#### [Exercise brief]
Omit the images, then print each record below exactly as it reads.

──────── Record excerpts

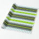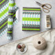 Very stylish pattern of stripes, polka dots, dashed and scalloped lines. This unique pattern consists of colours like lime green, dark brown, mint blue and white.
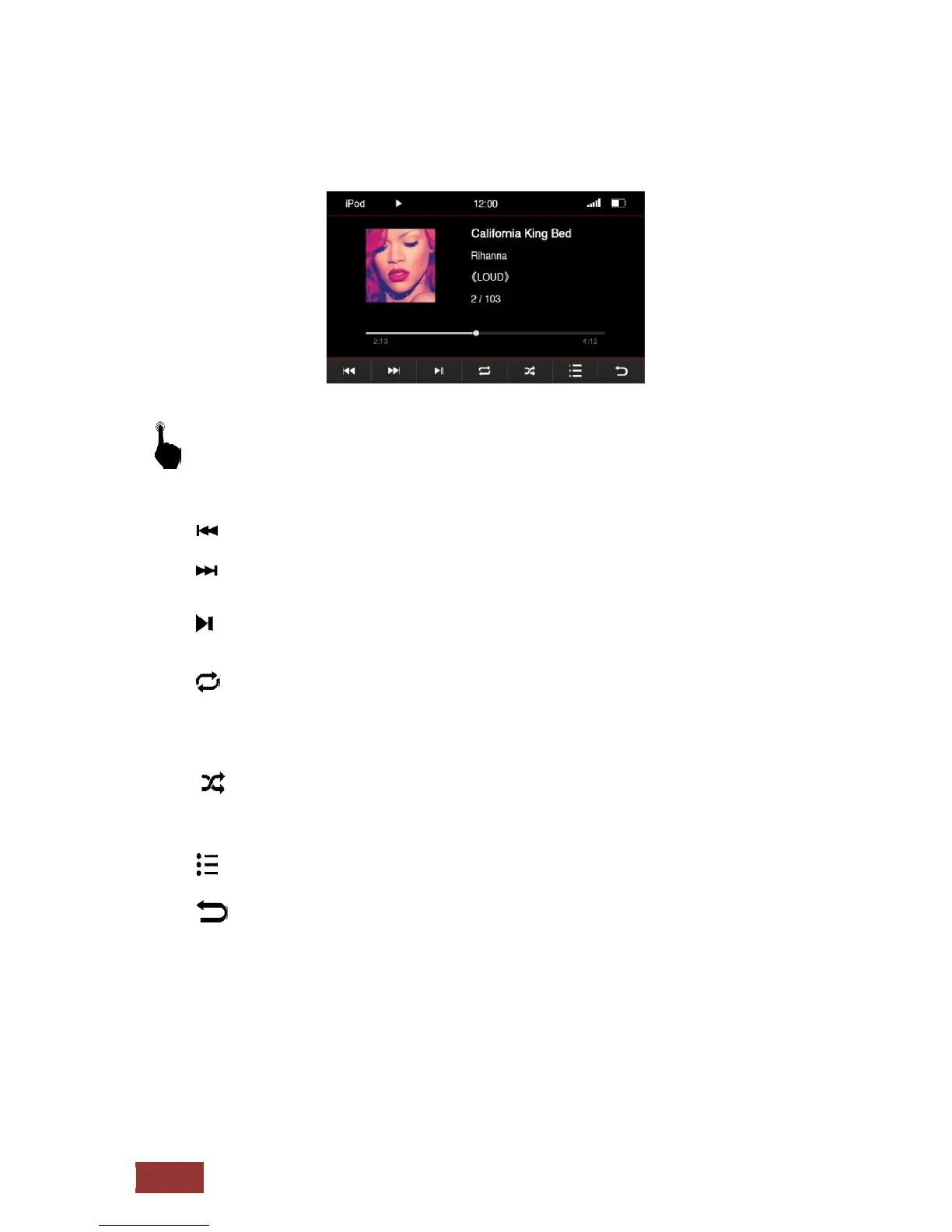 The symbol for Shuffle is in the upper line displayed as confirming the selection.
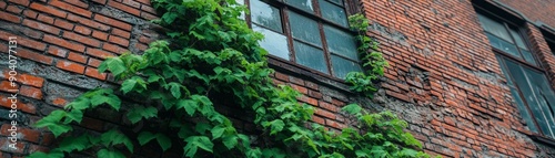 A vibrant vine clings to an aged brick wall, showcasing nature's resilience and beauty in urban architecture.
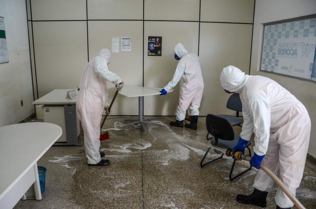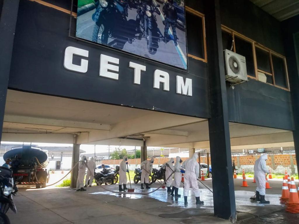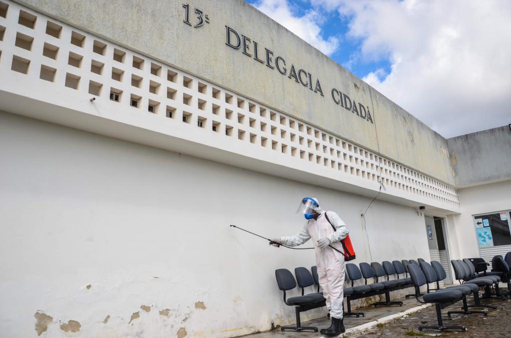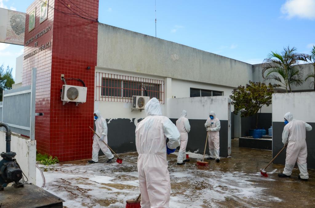 No Centro Integrado de Segurança Pública (Cisp), no bairro Santa Maria, local de trabalho de um policial militar que testou positivo para o coronavírus, os agentes realizaram um trabalho minucioso de desinfecção, que incluiu mobiliários e demais equipamentos. A atividade, que utiliza produtos com ação antibactericida e esterilizante, como o hipoclorito de sódio, foi feita ainda nas áreas internas e externas no Centro Integrado de Operações em Segurança Pública (Ciosp) e na sede do Grupamento Especial Tático de Motos (GETAM), ambos no José Conrado de Araújo.
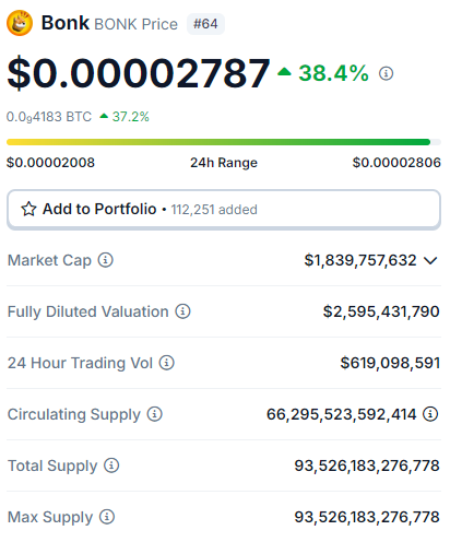 Logo na sequência da HBAR vem a BONK, que viu o seu preço subir mais de 38% no dia. Com isso, a altcoin chegou a uma valorização semanal de quase 100%.
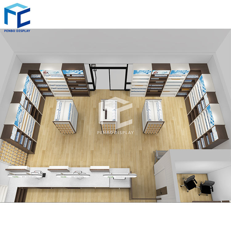 Penbo Wooden Metal Medical Display Rack Modern Wall Pharmacy Store Shelf for Pharmacy Store
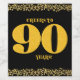 Fête du 90e anniversaire avec un rétro moderne branché 90 dans un motif de parties scintillant en or avec une bordure en confetti en or moucheté sur un arrière - plan noir.
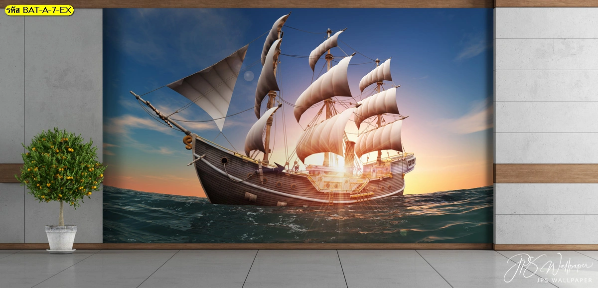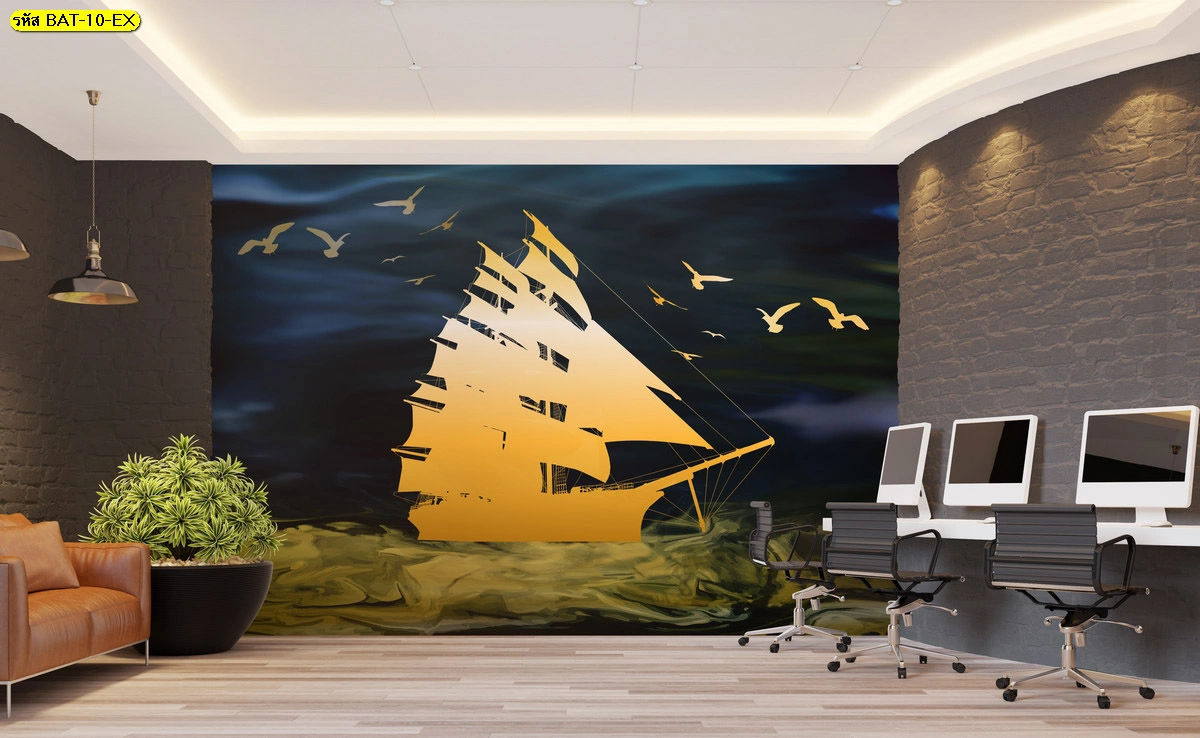 วอลเปเปอร์เรือสำเภาเสริมฮวงจุ้ยเรียกทรัพย์ สำหรับห้องผู้บริหาร

────────────────

#### [Task output]
 Very stylish pattern of stripes, polka dots, dashed and scalloped lines. This unique pattern consists of colours like lime green, dark brown, mint blue and white.
 The symbol for Shuffle is in the upper line displayed as confirming the selection.
 A vibrant vine clings to an aged brick wall, showcasing nature's resilience and beauty in urban architecture.
 No Centro Integrado de Segurança Pública (Cisp), no bairro Santa Maria, local de trabalho de um policial militar que testou positivo para o coronavírus, os agentes realizaram um trabalho minucioso de desinfecção, que incluiu mobiliários e demais equipamentos. A atividade, que utiliza produtos com ação antibactericida e esterilizante, como o hipoclorito de sódio, foi feita ainda nas áreas internas e externas no Centro Integrado de Operações em Segurança Pública (Ciosp) e na sede do Grupamento Especial Tático de Motos (GETAM), ambos no José Conrado de Araújo.
 Logo na sequência da HBAR vem a BONK, que viu o seu preço subir mais de 38% no dia. Com isso, a altcoin chegou a uma valorização semanal de quase 100%.
 Penbo Wooden Metal Medical Display Rack Modern Wall Pharmacy Store Shelf for Pharmacy Store
 Fête du 90e anniversaire avec un rétro moderne branché 90 dans un motif de parties scintillant en or avec une bordure en confetti en or moucheté sur un arrière - plan noir.
 วอลเปเปอร์เรือสำเภาเสริมฮวงจุ้ยเรียกทรัพย์ สำหรับห้องผู้บริหาร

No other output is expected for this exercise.